Конечно, Кулаков не случайно рассказал мне все это. И теперь я понимал, что разговор с паном Вальдеком тоже совсем не лишний. Новые сведения помогали нам понять характер нашего фигуранта.
Агент-перевертыш доброго десятка разных разведок все-таки был и оставался поляком. И правы оказались американцы: ловить его можно было только на родине. Особенно хорошо — в родном городе, во Вроцлаве. Помимо прочего, одной из тайных страстей нашего суперагента было увлечение живописью и особенно — таким редким жанром, как живописная панорама. Юриуш страшно гордился, что знаменитую Рацлавицкую панораму, экспонировавшуюся добрых полвека во Львове, перевезли именно во Вроцлав. По иронии судьбы это произошло в тот самый год, когда Семецкий навсегда покинул Польшу. Однако отец Юриуша входил в Общественный комитет по восстановлению Рацлавицкой панорамы, комитет третий по счету и последний, который как раз и сумел довести дело до победного конца. Так что Юриуш имел возможность увидеть живописный шедевр Яна Стыки и Войцеха Коссака ещё за год до того, как панораму развернули в новом здании, в ротонде на берегу Одера. Открытие состоялось в конце ноября восемьдесят первого года, в труднейшее для Польши время, когда многие продукты выдавались по карточкам, в городах были перебои с водой и электричеством, зубы чистили солью, а по ночам ещё ходили патрули и кое-где случались перестрелки. Но именно в это время обострились патриотические чувства поляков, вот Ярузельский и не пожалел денег на восстановление гордости польского народа — Рацлавицкой панорамы.

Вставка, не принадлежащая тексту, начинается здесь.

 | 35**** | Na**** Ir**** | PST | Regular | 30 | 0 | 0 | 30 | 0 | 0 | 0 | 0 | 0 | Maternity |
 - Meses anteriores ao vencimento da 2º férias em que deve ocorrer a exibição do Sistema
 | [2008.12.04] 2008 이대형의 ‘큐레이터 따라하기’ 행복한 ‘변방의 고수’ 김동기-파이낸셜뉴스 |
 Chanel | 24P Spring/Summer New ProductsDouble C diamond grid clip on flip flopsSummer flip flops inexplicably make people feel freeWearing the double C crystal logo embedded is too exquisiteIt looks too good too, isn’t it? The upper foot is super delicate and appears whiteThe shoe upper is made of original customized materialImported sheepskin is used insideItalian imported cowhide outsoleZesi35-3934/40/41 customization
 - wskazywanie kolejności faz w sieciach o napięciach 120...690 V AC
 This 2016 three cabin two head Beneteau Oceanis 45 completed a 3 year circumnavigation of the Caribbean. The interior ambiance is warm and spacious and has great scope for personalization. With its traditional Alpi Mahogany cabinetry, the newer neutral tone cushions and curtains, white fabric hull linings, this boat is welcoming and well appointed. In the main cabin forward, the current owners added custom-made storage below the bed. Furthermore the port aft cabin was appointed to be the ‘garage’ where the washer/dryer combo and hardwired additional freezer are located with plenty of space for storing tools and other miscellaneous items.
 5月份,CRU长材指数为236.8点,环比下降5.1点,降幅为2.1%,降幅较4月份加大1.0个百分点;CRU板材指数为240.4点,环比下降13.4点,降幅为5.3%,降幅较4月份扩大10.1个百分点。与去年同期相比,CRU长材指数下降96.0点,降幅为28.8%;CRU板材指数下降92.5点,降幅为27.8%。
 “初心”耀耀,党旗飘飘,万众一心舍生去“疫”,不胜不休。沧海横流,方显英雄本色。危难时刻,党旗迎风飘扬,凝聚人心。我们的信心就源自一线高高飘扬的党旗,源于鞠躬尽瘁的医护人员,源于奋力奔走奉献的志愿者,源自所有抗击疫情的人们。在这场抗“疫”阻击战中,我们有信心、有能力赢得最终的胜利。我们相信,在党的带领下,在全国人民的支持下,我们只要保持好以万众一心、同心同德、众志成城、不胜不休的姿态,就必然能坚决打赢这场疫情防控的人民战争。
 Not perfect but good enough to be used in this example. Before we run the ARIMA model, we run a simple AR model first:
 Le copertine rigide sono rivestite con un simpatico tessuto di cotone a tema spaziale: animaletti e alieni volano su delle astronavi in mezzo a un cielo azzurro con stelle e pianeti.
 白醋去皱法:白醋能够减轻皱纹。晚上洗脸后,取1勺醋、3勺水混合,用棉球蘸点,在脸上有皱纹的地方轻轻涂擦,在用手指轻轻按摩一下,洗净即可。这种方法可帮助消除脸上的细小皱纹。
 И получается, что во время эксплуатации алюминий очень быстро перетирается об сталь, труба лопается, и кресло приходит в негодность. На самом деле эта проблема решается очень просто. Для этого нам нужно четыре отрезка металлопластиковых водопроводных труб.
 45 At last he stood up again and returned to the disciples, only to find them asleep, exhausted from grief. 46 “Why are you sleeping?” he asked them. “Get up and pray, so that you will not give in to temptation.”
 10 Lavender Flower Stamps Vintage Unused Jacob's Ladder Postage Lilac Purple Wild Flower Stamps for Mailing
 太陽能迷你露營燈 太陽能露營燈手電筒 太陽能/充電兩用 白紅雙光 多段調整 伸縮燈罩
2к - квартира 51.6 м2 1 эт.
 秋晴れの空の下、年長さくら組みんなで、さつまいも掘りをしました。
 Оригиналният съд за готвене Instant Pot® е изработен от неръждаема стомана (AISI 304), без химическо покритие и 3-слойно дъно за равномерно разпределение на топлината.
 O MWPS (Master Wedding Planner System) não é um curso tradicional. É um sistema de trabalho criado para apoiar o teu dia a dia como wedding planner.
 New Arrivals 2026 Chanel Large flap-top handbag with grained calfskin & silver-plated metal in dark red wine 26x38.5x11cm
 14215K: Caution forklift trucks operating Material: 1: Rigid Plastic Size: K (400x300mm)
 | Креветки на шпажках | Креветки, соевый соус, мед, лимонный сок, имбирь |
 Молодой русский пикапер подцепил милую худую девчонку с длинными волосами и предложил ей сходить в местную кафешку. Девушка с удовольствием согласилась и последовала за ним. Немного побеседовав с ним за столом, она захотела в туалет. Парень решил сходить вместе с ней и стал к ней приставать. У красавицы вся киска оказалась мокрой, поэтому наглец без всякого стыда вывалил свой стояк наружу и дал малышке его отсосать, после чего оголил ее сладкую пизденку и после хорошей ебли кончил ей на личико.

Офицер разведки Юриуш видел огромный холст без переднего плана и специального освещения, развернутый в большой университетской аудитории, но и в таком виде живописное полотно поразило его. А в ротонду ему довелось попасть лишь спустя пять лет, когда, уже будучи гражданином Израиля, он вернулся инкогнито на похороны отца, а медленно, но верно теряющая свое могущество польская госбезопасность перестала охотиться за всеми подряд беглыми сотрудниками.
С тех пор Семецкий взял за правило приезжать во Вроцлав каждый год. Причем даты все время менялись, не существовало у него особенного, специального дня. Очевидно, Эльф был подвержен неким минутным настроениям, или наоборот выстраивал хитрую схему, при которой его трудно оказывалось вычислить.
Его и на этот раз вычислили только чудом. Австрийцы слушали телефон совсем другого человека, но в польских очень старых, давно не ремонтировавшихся сетях что-то перемкнуло и на запись пошла фраза Эльфа: «Я буду во Вроцлаве в начале ноября, ну и, конечно, побываю в ротонде…» Компьютеры австрийской разведки выловили эту фразу по ключевому слову «ротонда», американцы, проводившие в тот момент некую совместную с Веной акцию, получили доступ к неожиданно возникшим из ниоткуда сведениям, и таким образом родилась идея операции. Но организовывать примитивный захват объекта никому не хотелось. Это они уже проходили. Направлять опергруппу из какой-нибудь соседней страны — полная безнадега. У Эльфа потрясающее, просто фантастическое чутье на опасность, любых мало-мальски знакомых ему по почерку спецов Семецкий почует за версту — и ничего не выйдет.